Project-URL: Homepage, https://github.com/san64777/acroforge
Project-URL: Repository, https://github.com/san64777/acroforge
Project-URL: Issues, https://github.com/san64777/acroforge/issues
Author-email: Sanjay Chauhan <san64777@gmail.com>
License: Apache-2.0
License-File: LICENSE
License-File: NOTICE
Keywords: acroform,fill-pdf,fillable,forms,pdf,pdf-forms,pdf-generation
Classifier: Development Status :: 4 - Beta
Classifier: Intended Audience :: Developers
Classifier: License :: OSI Approved :: Apache Software License
Classifier: Operating System :: OS Independent
Classifier: Programming Language :: Python :: 3
Classifier: Programming Language :: Python :: 3.11
Classifier: Programming Language :: Python :: 3.12
Classifier: Programming Language :: Python :: 3.13
Classifier: Topic :: Multimedia :: Graphics
Classifier: Topic :: Office/Business
Classifier: Topic :: Text Processing :: General
Classifier: Typing :: Typed
Requires-Python: >=3.11
Requires-Dist: pdfplumber>=0.11.9
Requires-Dist: pydantic>=2
Requires-Dist: pypdf<7,>=6.13.0
Requires-Dist: reportlab>=4.5.1
Provides-Extra: dev
Requires-Dist: mypy>=1.11; extra == 'dev'
Requires-Dist: pip-licenses>=5; extra == 'dev'
Requires-Dist: pytest>=8; extra == 'dev'
Requires-Dist: ruff>=0.6; extra == 'dev'
Provides-Extra: fallback
Requires-Dist: pikepdf>=10.7.3; extra == 'fallback'
Provides-Extra: harness
Requires-Dist: pillow>=11; extra == 'harness'
Requires-Dist: pypdfium2>=5.9.0; extra == 'harness'
Description-Content-Type: text/markdown

# acroforge

**Turn flat PDFs into real, fillable AcroForms.
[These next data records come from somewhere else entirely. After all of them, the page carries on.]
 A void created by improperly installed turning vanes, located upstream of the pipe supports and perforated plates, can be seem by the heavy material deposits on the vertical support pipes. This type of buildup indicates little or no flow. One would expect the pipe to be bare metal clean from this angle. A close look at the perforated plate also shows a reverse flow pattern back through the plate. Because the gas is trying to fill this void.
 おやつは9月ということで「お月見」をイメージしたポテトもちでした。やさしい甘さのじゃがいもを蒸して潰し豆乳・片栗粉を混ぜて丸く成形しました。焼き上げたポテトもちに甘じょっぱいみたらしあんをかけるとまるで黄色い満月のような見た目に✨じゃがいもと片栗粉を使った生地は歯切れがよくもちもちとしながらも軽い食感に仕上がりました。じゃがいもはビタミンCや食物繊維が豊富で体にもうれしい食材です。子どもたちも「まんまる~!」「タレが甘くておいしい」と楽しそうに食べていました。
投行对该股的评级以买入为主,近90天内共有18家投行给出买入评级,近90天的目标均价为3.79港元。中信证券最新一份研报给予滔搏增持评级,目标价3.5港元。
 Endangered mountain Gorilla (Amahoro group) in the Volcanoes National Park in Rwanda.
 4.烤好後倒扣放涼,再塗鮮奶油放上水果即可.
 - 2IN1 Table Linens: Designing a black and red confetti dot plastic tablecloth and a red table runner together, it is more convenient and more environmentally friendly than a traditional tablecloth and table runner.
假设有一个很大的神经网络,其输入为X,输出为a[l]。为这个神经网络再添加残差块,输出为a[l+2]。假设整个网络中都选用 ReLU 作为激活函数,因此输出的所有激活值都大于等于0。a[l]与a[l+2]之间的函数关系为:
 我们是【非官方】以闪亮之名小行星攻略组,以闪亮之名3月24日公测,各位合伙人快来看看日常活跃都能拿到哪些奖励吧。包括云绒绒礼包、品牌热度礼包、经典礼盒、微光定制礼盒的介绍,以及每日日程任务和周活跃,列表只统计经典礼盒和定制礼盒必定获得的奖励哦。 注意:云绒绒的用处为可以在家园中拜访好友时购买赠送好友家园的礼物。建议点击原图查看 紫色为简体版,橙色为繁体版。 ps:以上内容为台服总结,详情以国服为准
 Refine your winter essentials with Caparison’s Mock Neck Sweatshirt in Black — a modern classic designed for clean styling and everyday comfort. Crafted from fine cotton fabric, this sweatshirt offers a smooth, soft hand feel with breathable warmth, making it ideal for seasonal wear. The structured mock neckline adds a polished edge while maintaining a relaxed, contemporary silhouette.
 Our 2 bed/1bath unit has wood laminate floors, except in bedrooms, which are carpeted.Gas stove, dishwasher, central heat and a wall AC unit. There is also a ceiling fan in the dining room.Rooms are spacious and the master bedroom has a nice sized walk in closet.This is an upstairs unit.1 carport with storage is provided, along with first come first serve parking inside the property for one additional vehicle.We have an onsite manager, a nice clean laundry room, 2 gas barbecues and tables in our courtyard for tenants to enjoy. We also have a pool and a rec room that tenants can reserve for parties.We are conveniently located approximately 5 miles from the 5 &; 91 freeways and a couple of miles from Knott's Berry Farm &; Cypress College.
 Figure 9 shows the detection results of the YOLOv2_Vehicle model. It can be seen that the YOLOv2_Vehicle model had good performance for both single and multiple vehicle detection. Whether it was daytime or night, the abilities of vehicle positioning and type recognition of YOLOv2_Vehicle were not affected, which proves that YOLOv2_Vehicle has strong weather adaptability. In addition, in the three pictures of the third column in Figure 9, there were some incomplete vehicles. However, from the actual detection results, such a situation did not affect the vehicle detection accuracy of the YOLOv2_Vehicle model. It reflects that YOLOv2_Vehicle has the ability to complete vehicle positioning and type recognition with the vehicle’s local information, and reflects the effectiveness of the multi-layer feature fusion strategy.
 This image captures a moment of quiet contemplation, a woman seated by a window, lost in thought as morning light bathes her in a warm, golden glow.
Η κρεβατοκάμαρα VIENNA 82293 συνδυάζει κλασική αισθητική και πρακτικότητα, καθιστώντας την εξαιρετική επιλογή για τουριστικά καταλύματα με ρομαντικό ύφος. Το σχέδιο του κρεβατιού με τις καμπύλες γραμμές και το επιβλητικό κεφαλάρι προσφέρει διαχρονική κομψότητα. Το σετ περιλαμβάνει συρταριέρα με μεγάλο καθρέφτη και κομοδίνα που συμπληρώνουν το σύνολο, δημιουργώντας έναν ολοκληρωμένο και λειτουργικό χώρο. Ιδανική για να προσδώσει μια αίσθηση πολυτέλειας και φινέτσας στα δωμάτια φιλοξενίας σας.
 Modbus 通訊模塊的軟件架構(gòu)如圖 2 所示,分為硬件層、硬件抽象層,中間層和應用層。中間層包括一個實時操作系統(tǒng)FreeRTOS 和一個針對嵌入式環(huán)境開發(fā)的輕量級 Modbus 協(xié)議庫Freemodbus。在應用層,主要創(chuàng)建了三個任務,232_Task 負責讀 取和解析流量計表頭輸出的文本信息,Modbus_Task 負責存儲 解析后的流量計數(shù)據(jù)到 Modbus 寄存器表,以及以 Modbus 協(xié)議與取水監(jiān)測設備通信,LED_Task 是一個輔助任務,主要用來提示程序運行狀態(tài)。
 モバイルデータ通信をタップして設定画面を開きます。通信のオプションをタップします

Permissive (Apache-2.0), deterministic, zero-copyleft.**

[![CI](https://github.com/san64777/acroforge/actions/workflows/ci.yml/badge.svg)](https://github.com/san64777/acroforge/actions/workflows/ci.yml)
[![License: Apache 2.0](https://img.shields.io/badge/License-Apache_2.0-blue.svg)](https://github.com/san64777/acroforge/blob/main/LICENSE)
[![Python 3.11+](https://img.shields.io/badge/python-3.11%2B-blue.svg)](https://www.python.org/)
[![Checked with mypy](https://img.shields.io/badge/mypy-strict-blue.svg)](https://mypy-lang.org/)
[![Ruff](https://img.shields.io/endpoint?url=https://raw.githubusercontent.com/astral-sh/ruff/main/assets/badge/v2.json)](https://github.com/astral-sh/ruff)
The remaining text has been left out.